Daily Archives: May 11, 2007

I knew moving took effort, but…

Standard

I’m at the MIT media lab at the moment (on one of their laptops, in fact), and this morning I got a chance to try that galvanic skin response thing again. It showed something that I thought might be normal, but I was told was definitely not normal: Every time I voluntarily moved a body part, the graph started jumping upwards. I am told that most people can wave their arms around really heavily and not have it do that. All I had to do was move a leg a little bit or even wiggle my toes.

This did not happen during movements that were more automatic. Rocking did not cause the response to jump upwards. Neither did typing. But those were the only two things that didn’t, and that’s because neither of them were something I just decided on doing and then did, they were both run in the background.

I have known for a long time that my relationship to voluntary movement is not the same as my relationship to automatic movements, that there is in fact quite a large difference between the two, and that I process automatic movements as “background” but don’t process voluntary movements that way. And that most movements for me are not automatic, but require finding the body part and making it move around for me in a fairly laborious way.

In fact, I met Oliver Sacks at Human 2.0 the other day, and this is exactly what he and I talked about. I was explaining to him the lengths I go to to string together automatic movements in order to get through the day, and how difficult voluntary movements are in comparison, and so forth. He told me how much effort a friend of his with Parkinson’s expended in his head just planning everything out like that, and I told him my stork analogy, which he liked.

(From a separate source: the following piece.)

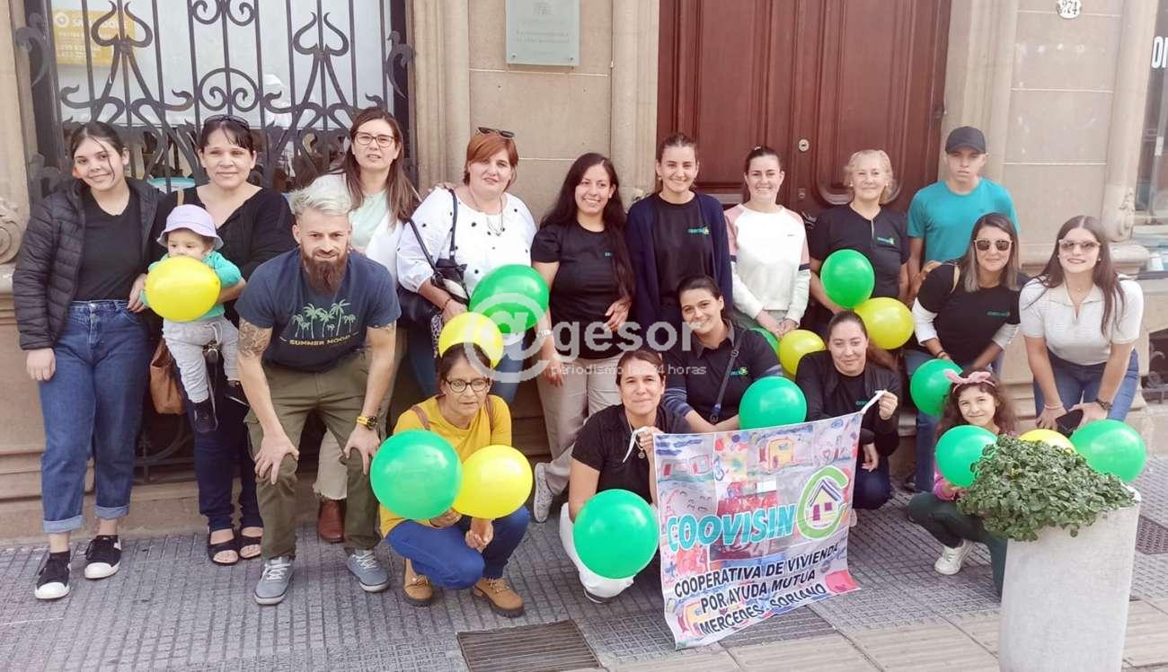Después de casi 13 años de su formación como cooperativa, una de las seis COOVISIN en la tarde de este lunes 24 de abril dio un paso más hacia el sueño del techo propio tras muchos escollos en el camino y muy duros varios de ellos, que igualmente han logrado superar para llegar a la instancia de escriturar el terreno ubicado en la zona Sur de Mercedes, más precisamente en lo que fuera la chacra de Miguel Racioppi, adquirida a sus sucesores, donde COOVISIN C a través de sus autoridades actuales estampó su firma y recibió el dinero para la compra del predio donde levantará sus 40 unidades habitacionales y eso mereció que la mayor parte del grupo -al menos algún representante de cada familia- se hiciera presente frente al local de la Agencia Nacional de Vivienda (ANV) en Mercedes para acompañar a quienes debían firmar y celebrar juntos esta instancia que les permitirá en los primeros días de mayor comenzar con la etapa de obra.
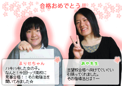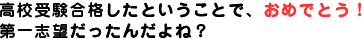 はい、第一志望に合格できて、滑り止めの私立の方にも合格できたのでよかったです。

But we’d just been talking about this. And I didn’t know it was going to show up on any sort of objective measurement of the way I moved. In fact when the things started jumping up, the person was asking what was going on, and I said “It’s just from me moving.” And she said “But you moving shouldn’t make it go up like that, most people can wave their arms around frantically, even wave the hand the electrodes are attached to, and nothing like that happens.”

So apparently there is an objectively verifiable measure of the amount of effort I put into even very simple voluntary motions, and also of the fact that the motions of typing and rocking (and presumably other automatic movements that have not yet happened while I was attached to the sensors) are not doing that to me at all.